Re: [akka-user] Akka clusters using cluster client causing quarantined nodes (v2.3.11)

Tyler Brummett Wed, 04 Jan 2017 09:03:24 -0800

Thank you for that suggestion. We are stuck on 2.3.x for the time being, 
but have plans to move to 2.4.x in the not so distant future, but it would 
still be beneficial to solve this problem now.

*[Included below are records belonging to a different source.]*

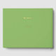Give this beautiful guest book that has a photo of leaves spelling the word 'LEAVE' on a glass table top. The reflections of the light coming through the blinds also reflected off the table only enhance the idea of contemplation. It has a green background with words in gold foil. What a wonderful keepsake for all the celebratory messages and insights that friends and family leave.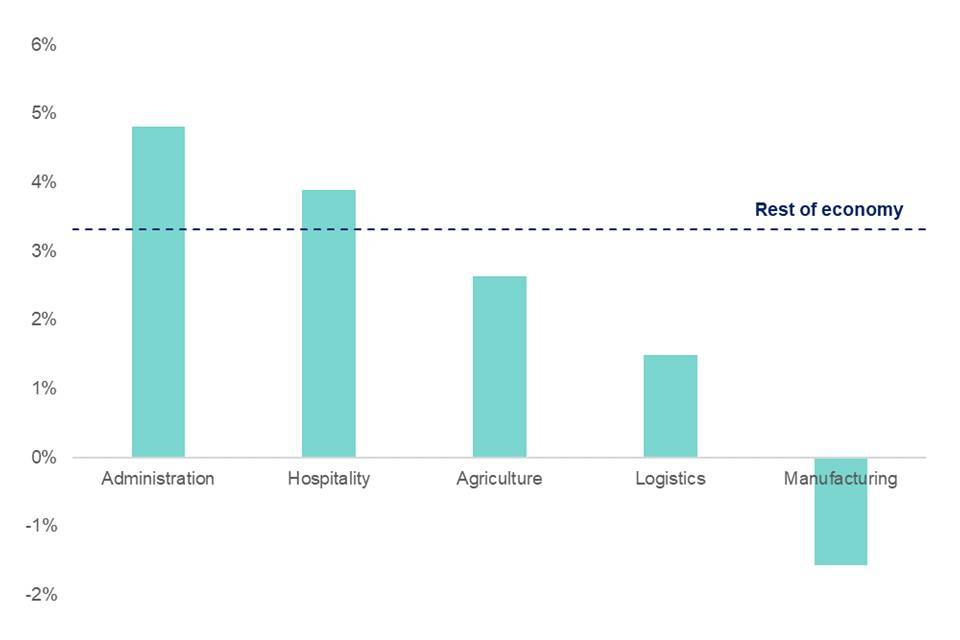 Although exploitation may be found throughout the labour market, there is widespread agreement between various parties with an interest in labour market exploitation about the types of work and sectors most at risk for non-compliance. As DLME’s table above suggests, jobs involving shorter training requirements (particularly at Regulated Qualifications Framework (RQF) 1 - 2 level) appear to be particularly common areas where workers are exploited. The Independent Anti-Slavery Commissioner (IASC) (2022) indicates that “Hand car washes, fast fashion, care homes and agriculture are just some of the UK sectors that face distinctive challenges in the UK labour market, from minor non compliances to severe labour exploitation”. Similar industries are identified by the GLAA’s industry profiles where it deems exploitation to be particularly likely. The MAC has also previously raised the risk of non-compliance and exploitation in the construction, hospitality, logistics, manufacturing and food production, car wash, and cleaning industries.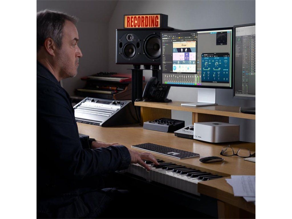 TURBO VÝKON ČIPOV M4 MAX ALEBO M3 ULTRA – Pusť sa do extrémnych projektov od detailných vizuálnych efektov a 3D animácií až po skladanie filmovej hudby. Výkonný Neural Engine podporuje pomoc umelej inteligencie pri komplexných úlohách a pokročilá architektúra grafického procesora podporuje dynamické ukladanie do medzipamäte, mesh shading a sledovanie lúčov.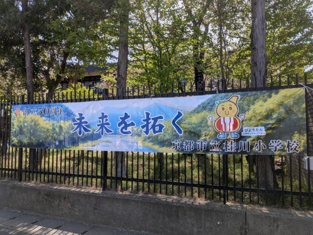 桂川小学校は、令和8年度に開校50周年を迎えます。つきましては、記念垂れ幕を正門付近に掲げています。50年間の「よき伝統」を未来に引き継いでいこうと教職員一同、今年度も精進していく所存でございます。どうぞよろしくお願い申し上げます。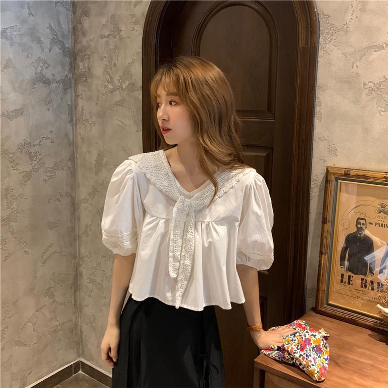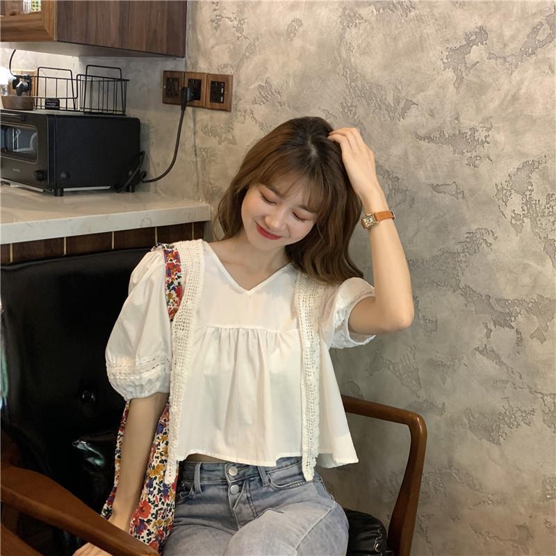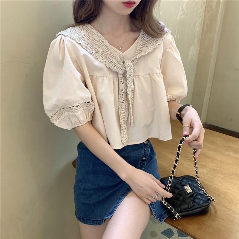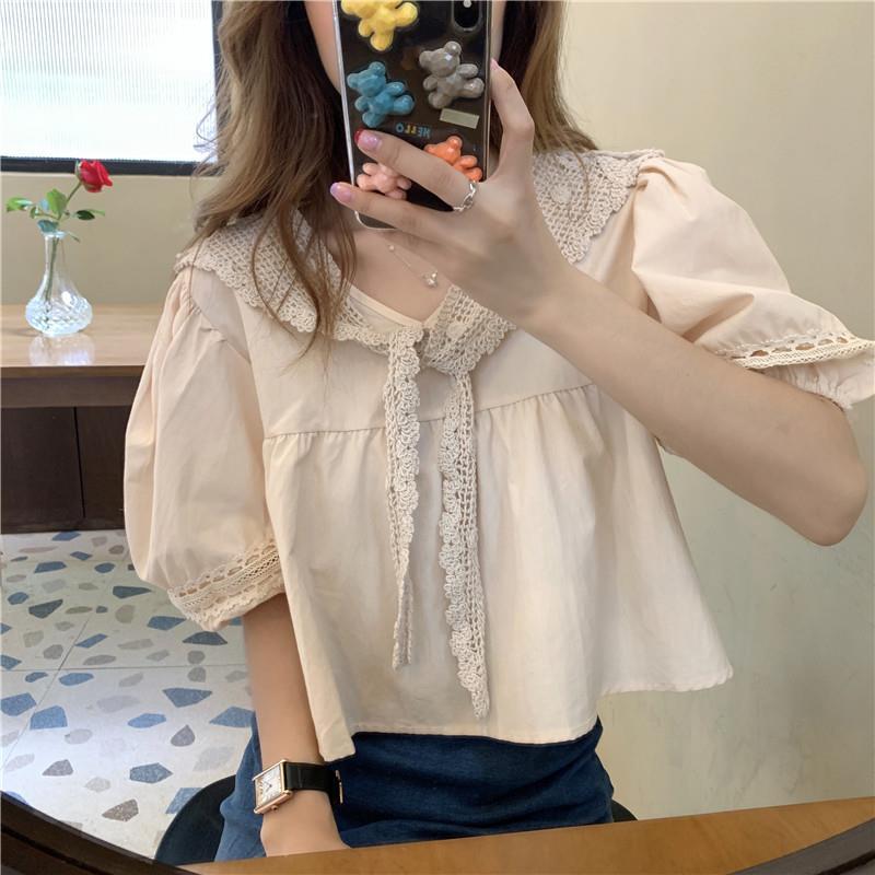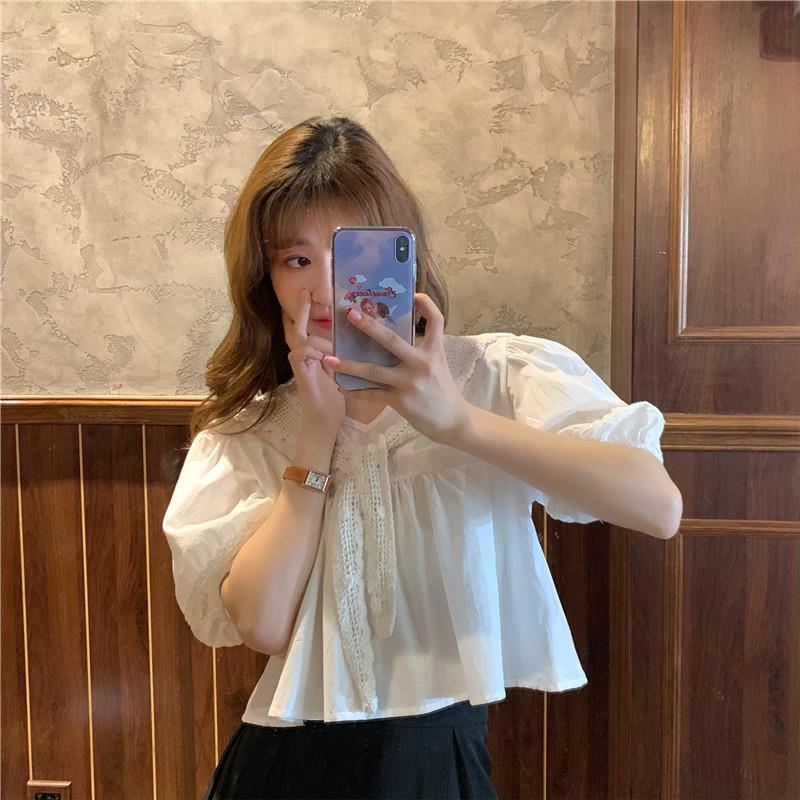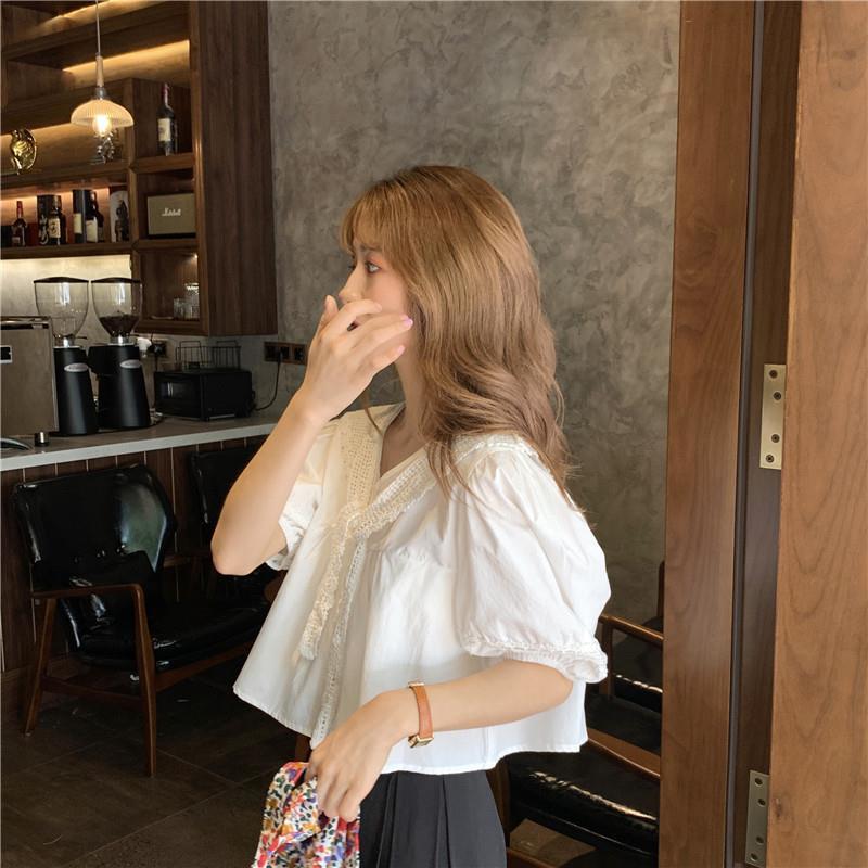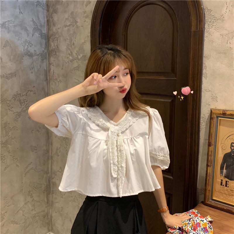 여름 2025 새로운 한국 스타일 숄 퍼프 소매 짧은 최고 디자인 틈새 슈퍼 요정 짧은 소매 셔츠 여성 의류스토어 가기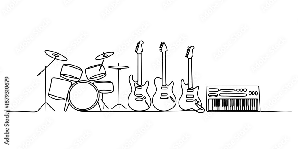 A continuous line drawing illustrating a complete set of musical band instruments Vector, illustration #1879310679

We've upgraded our Akka version to 2.3.15 and it seems that the quarantine 
messages are no longer showing up in our logs. Which is great!
However, some of the acknowledgement messages that we normally get during 
one of our nightly processes are not making it back to the requesting 
actor. This behavior is different since the upgrade happened and seems to 
be the only thing preventing us from moving forward.

Context:
A request message is sent from one actor in actorSystemA to another actor 
in actorSystemB. The actor in actorSystemB delegates work to be done by 
some other back end process. Said back end process may take a few minutes 
depending on the size of the data result coming back. Therefore, we have 
'hand-rolled' a solution to use a private ActorRef on the responding actor 
in actorSystemB to periodically send 'update' messages every few seconds to 
let the requesting actor in actorSystemA know that the back end process is 
still processing its request.

In every case, before the upgrade, we were always getting these 'update' 
messages or acknowledgements that the backend process is still working. Now 
it seems to fail on simple .tell() back to the requesting actor in 
actorSystemA. The line of code below shows where it seems to fail in the 
actor of actorSystemB:

*originalSender.tell(updateMessage, getSelf());*
where *originalSender* is the ActorRef that is set to *getSender()* with 
the requesting actor sends a message to the actor in actorSystemB (where 
the above code lives). During this nightly process, we do this many times 
with different parameters and it works most of the time. How could it work 
most of the time, but not all, after upgrading?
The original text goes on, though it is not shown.